= Dumas Public Schools =

School district in Arkansas

Dumas Public Schools is a school district headquartered in Dumas, Arkansas. It serves territory in Desha and Lincoln counties, including Dumas, Gould, Mitchellville, and Winchester. It also serves Arkansas Department of Corrections prison property (Cummins Unit).

== History ==
The Wells Bayou district merged into the Dumas district in 1969.

In July 1993 the Desha-Drew School District dissolved, with portions going to Dumas Public Schools and to the McGehee School District.

In 2004 the Arkansas Legislature approved a law that forced school districts with fewer than 350 students apiece to consolidate with other districts. As a result, on July 1, 2004, the Gould School District was merged into the Dumas district. At the time of the merger, according to a June 30, 2004 audit report, the Gould district had a $322,873 deficit. The Dumas district inherited the Gould district's deficit. Thomas Cox, the superintendent of the Dumas district, opposed the merger; in May 2004 he told the Arkansas Board of Education that it would increase the racial imbalance in the school district as African-American percentage of the Dumas district would increase from 64% to 68%; at the time the Gould district was 99% African-American. The former superintendent of the Gould district became an assistant superintendent of the Dumas district.

==Attendance area==
Within Desha County, it includes Dumas and Mitchellville.

Within Lincoln County, it includes Gould. It also serves Arkansas Department of Corrections prison property (Cummins Unit).

The district extends into Drew County, where it serves Winchester.

==Schools==
Its schools include Central Elementary School, Dumas Junior High School, and Dumas High School.

In previous eras, Central had grades PreK-1, Reed Elementary School had grades 2-6, Dumas Jr. High had 7-8, and Dumas High had 9-12.

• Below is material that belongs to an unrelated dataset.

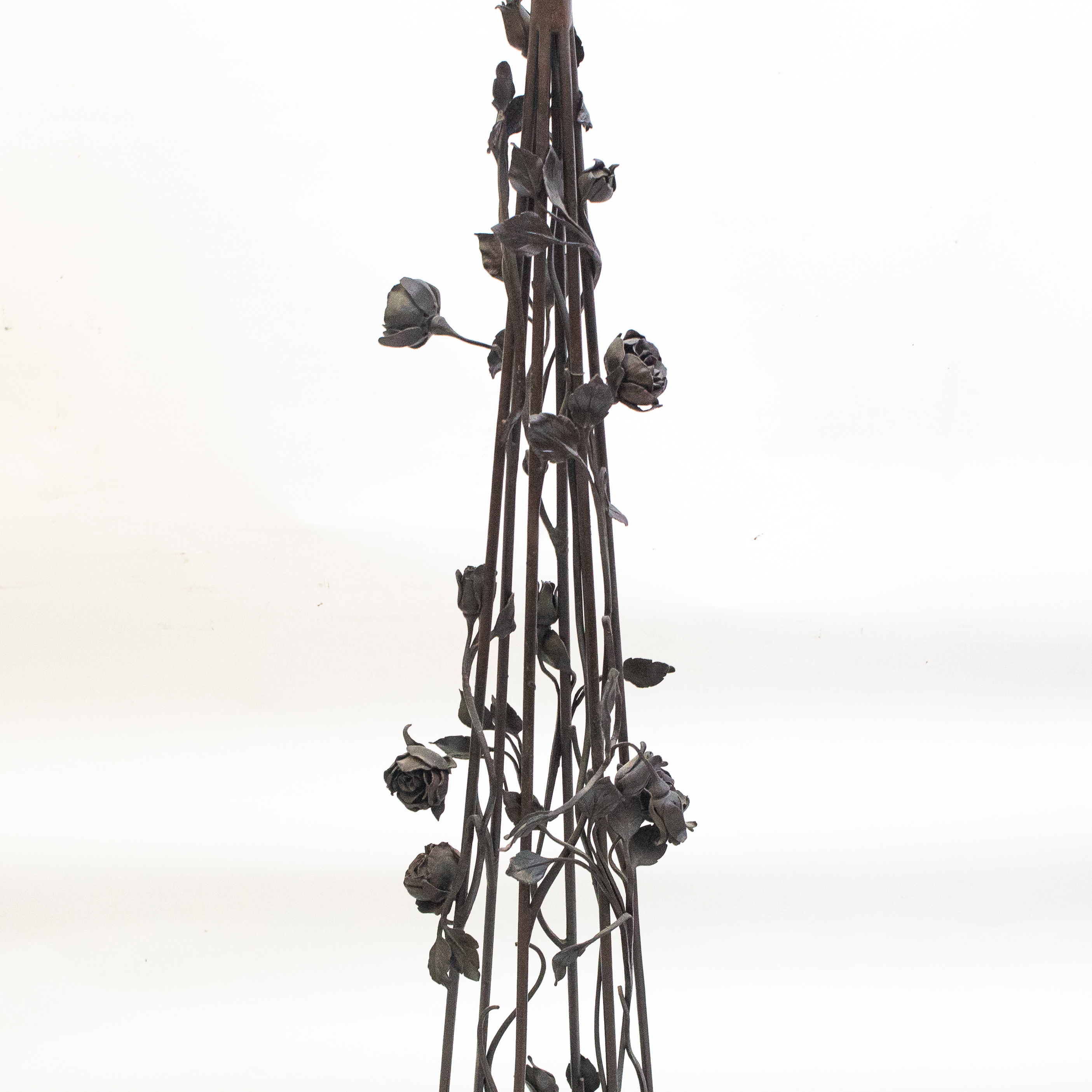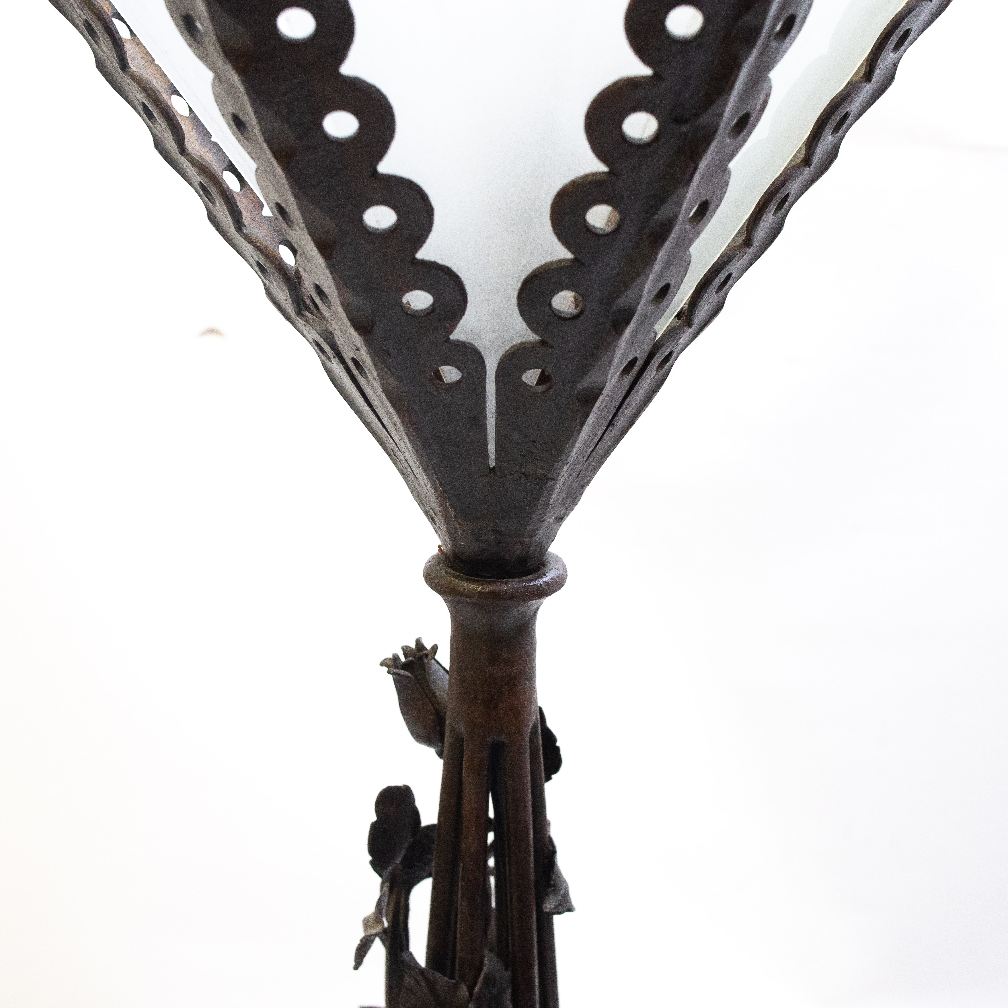 Splendida lampada in stile Liberty in ferro battuto e vetro satinato.
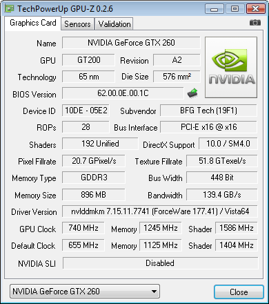 В сравнении с GPU GeForce GTX 280, у чипа GTX 260 число унифицированных шейдерных процессоров урезано с 240 до 192 (-20 %) штук, текстурных блоков сокращено с 80 до 64 (-20 %), а число блоков растеризации уменьшено с 32 до 28 штук (-12.5 %). В дополнение к этому, частота графического процессора понижена с 602/1296 МГц до 575/1242 МГц. Однако, рассматриваемые сегодня видеокарты обладают частотами GPU выше не только референсной частоты GeForce GTX 260, но и GeForce GTX 280! Так, продукт от XFX с дополнением к наименованию видеокарты трёх иксов "XXX" имеет заводской разгон графического чипа до частот в 640/1363 МГц, а видеокарта от BFG "OCX" по GPU разогнана ещё больше, – её частотная схема равна 655/1404 МГц! Таким образом, оба производителя предлагают потенциальным покупателям гарантированно разогнанные и стабильные видеокарты, что не может не радовать тех, кому оверклокинг чужд. Но и для оверклокеров здесь также имеется практическая польза, – как правило, для таких видеокарт графические процессоры проходят специальный отбор, что и позволяет им работать на более высоких частотах без потери в стабильности и снижения качества картинки.

After the merger with the Gould School District, the Dumas district inherited the Gould school facilities. The 2004-2005 Arkansas School Directory listed Gould Elementary School and Gould High School as being a part of the Dumas district. The Dumas district planned to, effective fall of 2005, move all Gould students in grades 7-12 to the Dumas schools, and considered doing the same to the elementary school students from Gould. The 2005-2006 Arkansas School Directory did not list any Gould school facilities.